Write each line of the material exactly as given, from the top through the line that contains "O design super", and omit all pictures.

• [EXERCISE DATA]:
>>>

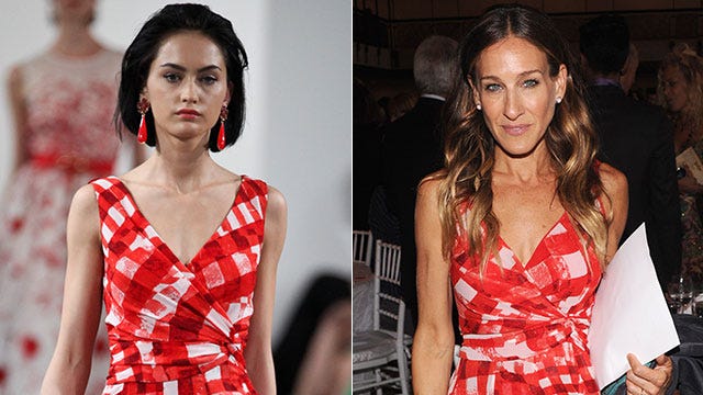 A model walks the runway in a red-and-white dress during the Oscar de la Renta Resort 2013 runway show on May 21, 2012 in New York City. Sarah Jessica Parker wears the the 2012 Couture Council for the Museum at
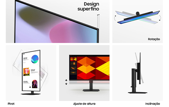 O design super fino adiciona estilo a qualquer ambiente, junto de uma tela com ajuste de altura para oferecer o melhor ângulo e mais versatilidade. As bordas ultrafinas aproveitam ao máximo o espaço e você pode até girar a tela 90 graus para obter uma visualização vertical.
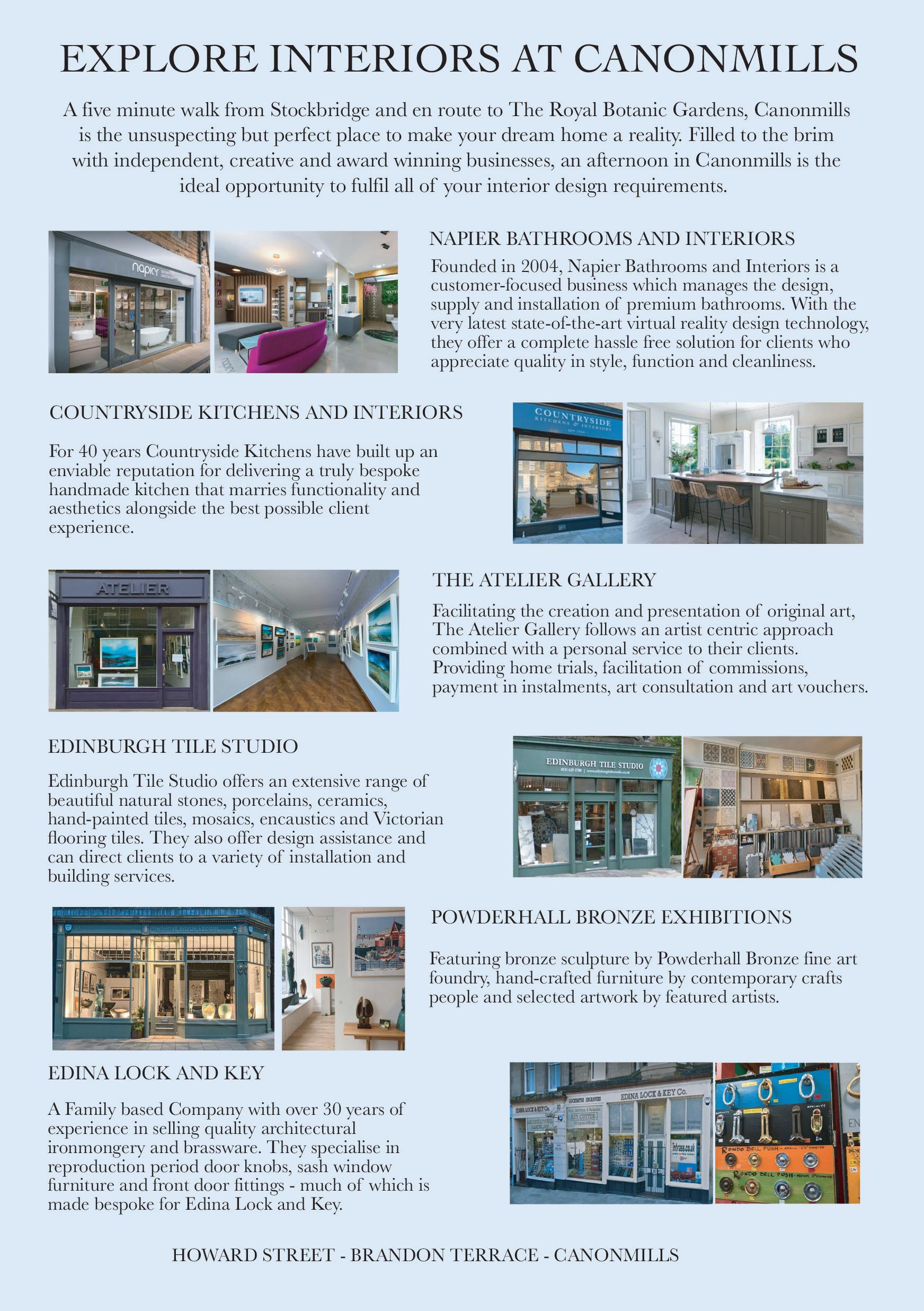 42 Accountants AH & Co Chartered Accountants17 Active Wear Biera 5 Acupuncture Katherine Dandridge 2 Art Galleries The Atelier Gallery 1 Bed Suppliers The Bed Shop 3 Bike Shops Giant Edinburgh 12 Building Services KM Services 9 Ronald G Graham 30 Celebrants Lennie Love 7 Chiropodists New Town Footcare 9 Complementary Therapies Gillian Dalgleish 18 Katherine Dandridge 2 Computing Services AV & PC Home Help 27 Counselling Services Counselling Conversations 37 Decoratoring Services AM Decorating 9 Barry McGuire 10 Elite Decorating 33 Driveways Alpine Paving & Driveways 10 Edinburgh Driveways & Landscaping 39 Electricians KM Services 9 Estate Agents ELP Arbuthnott McClanachan 19 Gibson Kerr 13 Events Nomads Tent - Iconic Iran 8 St Columba's Hospice Firewalk16 Eye Wear Gibson Syme 20-25 Gas & Central Heating Harbour Multi Trades 41 C.A.L Plumbing & Heating 15 Family Law Gibson Kerr 13 Garage Doors Garolla 7 Handyman Services David A Burnett 17 Health & Fitness Griffen Fitness 38 Level Up Personal Training 17 Health Food Shops Real Foods 44 Health & Wellness Slimming World 36 Hospice Care St Columba's Hospice 16 Hypnotherapy Gillian Dalgleish 18 Interior Design Countryside Kitchens & Interiors 31 Jewellers Sheila Fleet 35 Joiners Harbour Multi Trades 41 KM Services 9 Kitchens Countryside Kitchens & Interiors 31 Ladies Clothing Biera 5 Landscaping Edinburgh Driveways & Landscaping 39 Language Tuition Speak Out With Confidence 27 Mortgage Services Malleny Mortgage Solutions 11 Office/Garage Clearance Man/Men With A Van 39 Opticians Gibson Syme 20-25 Organic Produce Real Foods 44 Plumbing C.A.L Plumbing 15 Harbour Multi Trade 41 Paving Services Alpine Paving & Driveways 10 Property Developments Carriden Developments 15 Property Maintenance C.A.L Plumbing & Heating 15 Removals/House Clearances Man/Men With A Van 39 Roofing Services Ronald G Graham 30 Rug/Kilim Repair &Cleaning Nomads Tent 8 Solicitors ELP Arbuthnott McClanachan 19 Gibson Kerr 13 Tile Suppliers Edinburgh Tile Studio 28 Tree Surgeons Heartwood Tree Care 27 Weight Management Slimming World 36 Window Renovation Craftworx 7

<<<

• [EXERCISE RESULT]:
 A model walks the runway in a red-and-white dress during the Oscar de la Renta Resort 2013 runway show on May 21, 2012 in New York City. Sarah Jessica Parker wears the the 2012 Couture Council for the Museum at
 O design super fino adiciona estilo a qualquer ambiente, junto de uma tela com ajuste de altura para oferecer o melhor ângulo e mais versatilidade. As bordas ultrafinas aproveitam ao máximo o espaço e você pode até girar a tela 90 graus para obter uma visualização vertical.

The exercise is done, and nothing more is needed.